GNE-Myopathy Disease Monitoring Program (GNEM-DMP): A Registry and Prospective Observational Natural History Study to Assess GNE Myopathy or Hereditary Inclusion Body Myopathy (HIBM)

April 25, 2018 updated by: Ultragenyx Pharmaceutical Inc
HIBM is a severe progressive myopathy that typically presents in early adulthood as weakness in the distal muscles of the lower extremities and progresses proximally, leading to a loss of muscle strength and function, and ultimately a wheelchair-bound state. The rate of progression is gradual and variable over the course of 10-20 years or longer. There is a need to better understand the disease-specific features of HIBM to heighten disease awareness; facilitate early diagnosis; identify patients; expand knowledge of the clinical presentation, progression and variation of the disease; identify and validate biomarkers and other efficacy measures; inform on the design and interpretation of clinical studies of investigational products; and eventually to optimize patient management.

Study Overview

Status

Completed

Conditions

Detailed Description

The main objective of this program is to better understand HIBM.
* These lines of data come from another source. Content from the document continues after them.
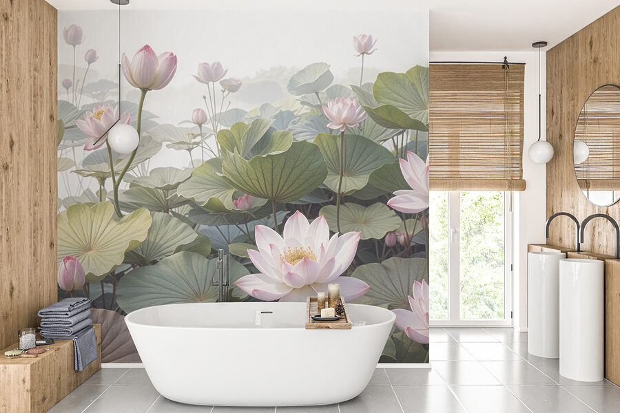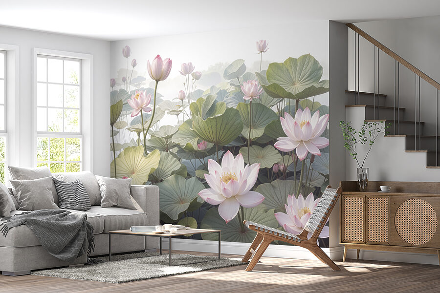 Snili jste někdy o vlastní zenové zahradě? Ponořte se do klidu s “Nástěnnou malbou w08221”! Tato nástěnná malba je ideální pro milovníky přírody a květin a zahalí váš pokoj do uklidňující oázy rozkvetlých lotosů. Představte si, že se probudíte a budete se cítit jako v klidném útočišti – ptáci cvrlikají, vane jemný vánek.
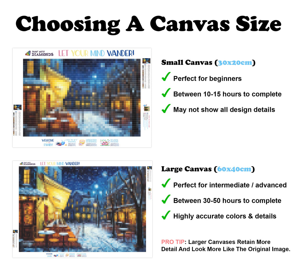 Large canvases show tiny details and all lettering, but may take up to 50+ hours to complete.
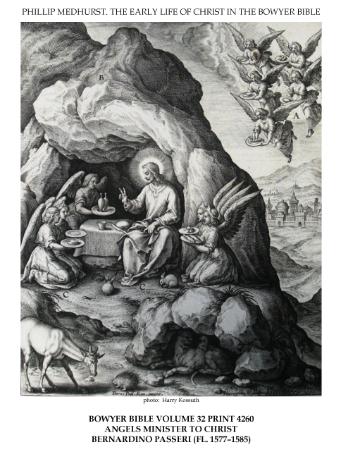Hieronymus Wierix after Bernardino Passeri – Bowyer Bible Volume 32 Print 4260 Angels minister to Jesus in the wilderness(1563)(Free Art License, photo by Phillip Medhurst Wikimedia Commons)

The specific HIBM Disease Registry's objectives are to:

  • Understand the geographic distribution and regional incidence/prevalence of GNEM.
  • Obtain an assessment of the medical history, clinical presentation and progression of disease in GNEM patients and provide a connection for subjects to the broader GNEM community and associated programs.
  • Provide customized information to subjects and their physicians that desire information on their disease status and progression.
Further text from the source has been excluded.